▸ **Data segment**
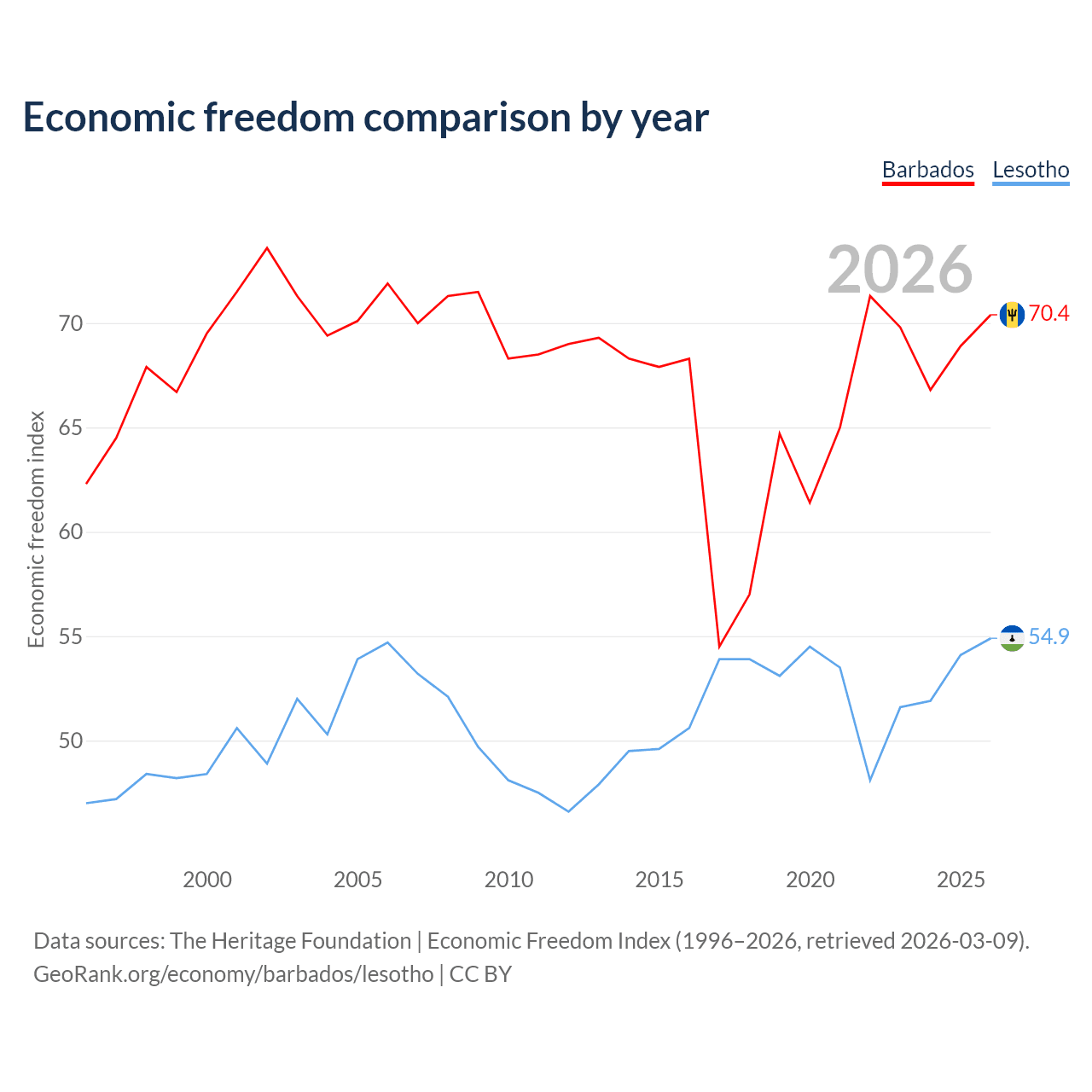 The Economic Freedom Index for Barbados is 70.4, ranking 34/197, compared to 54.9 for Lesotho, ranking 130/197. The chart above displays a comparison of annual changes in economic freedom indexes.
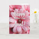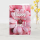 This card shows a close-up of daisy-like flowers in soft pink shades, with one large bloom centered like it’s leaning in for a gentle hug ❤️. Across the middle of that main flower, the message “Happy Mother’s Day Aunt!” sits clearly in white lettering, standing out against the petals without feeling harsh. The surrounding flowers fade into a blurred background, creating a cozy, intimate setting that feels like a quiet moment shared between loved ones. Light falls softly across the petals, showing a tender shift from pale edges to deeper pink near the center, like a warm blush. The flower’s core is packed with tiny clustered florets in earthy tones—deep plum, rusty orange, and hints of brown—adding rich texture and contrast. A faint shadow behind the white text gives it a slight lift from the petals, as if the words are gently resting on the bloom. 🌼 The background stays dreamy and out of focus, while the central flower’s detailed center remains sharp and richly colored.
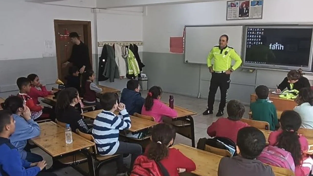 Erzincan'ın Refahiye ilçesinde trafik polislerince öğrencilere 'yolların kralı olmaz, kuralı olur' mottosuyla trafik eğitimi verildi.
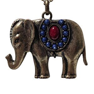 This elegant necklace features an antique gold elephant pendant, adorned with striking red and blue gemstone accents.

▸ **Exercise brief**
In your copy, reproduce the data above exactly and skip every picture.

▸ **Answer**
 The Economic Freedom Index for Barbados is 70.4, ranking 34/197, compared to 54.9 for Lesotho, ranking 130/197. The chart above displays a comparison of annual changes in economic freedom indexes.
 This card shows a close-up of daisy-like flowers in soft pink shades, with one large bloom centered like it’s leaning in for a gentle hug ❤️. Across the middle of that main flower, the message “Happy Mother’s Day Aunt!” sits clearly in white lettering, standing out against the petals without feeling harsh. The surrounding flowers fade into a blurred background, creating a cozy, intimate setting that feels like a quiet moment shared between loved ones. Light falls softly across the petals, showing a tender shift from pale edges to deeper pink near the center, like a warm blush. The flower’s core is packed with tiny clustered florets in earthy tones—deep plum, rusty orange, and hints of brown—adding rich texture and contrast. A faint shadow behind the white text gives it a slight lift from the petals, as if the words are gently resting on the bloom. 🌼 The background stays dreamy and out of focus, while the central flower’s detailed center remains sharp and richly colored.
 Erzincan'ın Refahiye ilçesinde trafik polislerince öğrencilere 'yolların kralı olmaz, kuralı olur' mottosuyla trafik eğitimi verildi.
 This elegant necklace features an antique gold elephant pendant, adorned with striking red and blue gemstone accents.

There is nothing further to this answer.